Re: [pushed] [RA]: Improve cost calculation of pseudos with equivalences

2023-09-17 Thread Jeff Law via Gcc-patches




On 9/14/23 09:28, Vladimir Makarov via Gcc-patches wrote:
I've committed the following patch.  The reason for this patch is 
explained in its commit message.


The patch was successfully bootstrapped and tested on x86-64, aarch64, 
and ppc64le.



ra-equiv-cost.patch_ZN7cObject4dropEP12cOwnedObject-stores

commit 3c834d85f2ec42c60995c2b678196a06cb744959
Author: Vladimir N. Makarov
Date:   Thu Sep 14 10:26:48 2023 -0400

 [RA]: Improve cost calculation of pseudos with equivalences
 
 RISCV target developers reported that RA can spill pseudo used in a

 loop although there are enough registers to assign.  It happens when
 the pseudo has an equivalence outside the loop and the equivalence is
 not merged into insns using the pseudo.  IRA sets up that memory cost
 to zero when the pseudo has an equivalence and it means that the
 pseudo will be probably spilled.  This approach worked well for i686
 (different approaches were benchmarked long time ago on spec2k).
 Although common sense says that the code is wrong and this was
 confirmed by RISCV developers.
 
 I've tried the following patch on I7-9700k and it improved spec17 fp

 by 1.5% (21.1 vs 20.8) although spec17 int is a bit worse by 0.45%
 (8.54 vs 8.58).  The average generated code size is practically the
 same (0.001% difference).
 
 In the future we probably need to try more sophisticated cost

 calculation which should take into account that the equiv can not be
 combined in usage insns and the costs of reloads because of this.
 
 gcc/ChangeLog:
 
 * ira-costs.cc (find_costs_and_classes): Decrease memory cost

 by equiv savings.

Thanks for diving into this!

What's rather strange is when I do an A/B test with this patch on RISC-V 
it appears to be a pretty consistent loss for integer code.  This would 
seem to match your findings on x86 as well.

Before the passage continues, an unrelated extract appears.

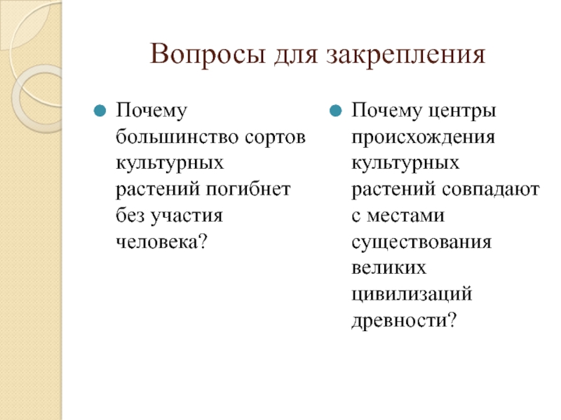 Вопросы для закрепленияПочему большинство сортов культурных растений погибнет без участия человека?Почему центры происхождения культурных растений совпадают с

I still need to dig into it more deeply, but I see higher ALU as well as 
higher load/store traffic.  The load/store traffic in the one case I've 
looked at so far (omnetpp) appears to be prologue/epilogue related. 
Essentially we're using an additional callee saved register on paths 
that don't trigger at runtime.


Jeff



[pushed] [RA]: Improve cost calculation of pseudos with equivalences

2023-09-14 Thread Vladimir Makarov via Gcc-patches
I've committed the following patch.  The reason for this patch is 
explained in its commit message.


The patch was successfully bootstrapped and tested on x86-64, aarch64, 
and ppc64le.


commit 3c834d85f2ec42c60995c2b678196a06cb744959
Author: Vladimir N. Makarov 
Date:   Thu Sep 14 10:26:48 2023 -0400

[RA]: Improve cost calculation of pseudos with equivalences

RISCV target developers reported that RA can spill pseudo used in a
loop although there are enough registers to assign.  It happens when
the pseudo has an equivalence outside the loop and the equivalence is
not merged into insns using the pseudo.  IRA sets up that memory cost
to zero when the pseudo has an equivalence and it means that the
pseudo will be probably spilled.  This approach worked well for i686
(different approaches were benchmarked long time ago on spec2k).
Although common sense says that the code is wrong and this was
confirmed by RISCV developers.

I've tried the following patch on I7-9700k and it improved spec17 fp
by 1.5% (21.1 vs 20.8) although spec17 int is a bit worse by 0.45%
(8.54 vs 8.58).  The average generated code size is practically the
same (0.001% difference).

In the future we probably need to try more sophisticated cost
calculation which should take into account that the equiv can not be
combined in usage insns and the costs of reloads because of this.

gcc/ChangeLog:

* ira-costs.cc (find_costs_and_classes): Decrease memory cost
by equiv savings.

diff --git a/gcc/ira-costs.cc b/gcc/ira-costs.cc
index d9e700e8947..8c93ace5094 100644
--- a/gcc/ira-costs.cc
+++ b/gcc/ira-costs.cc
@@ -1947,15 +1947,8 @@ find_costs_and_classes (FILE *dump_file)
 	}
 	  if (i >= first_moveable_pseudo && i < last_moveable_pseudo)
 	i_mem_cost = 0;
-	  else if (equiv_savings < 0)
-	i_mem_cost = -equiv_savings;
-	  else if (equiv_savings > 0)
-	{
-	  i_mem_cost = 0;
-	  for (k = cost_classes_ptr->num - 1; k >= 0; k--)
-		i_costs[k] += equiv_savings;
-	}
-
+	  else
+	i_mem_cost -= equiv_savings;
 	  best_cost = (1 << (HOST_BITS_PER_INT - 2)) - 1;
 	  best = ALL_REGS;
 	  alt_class = NO_REGS;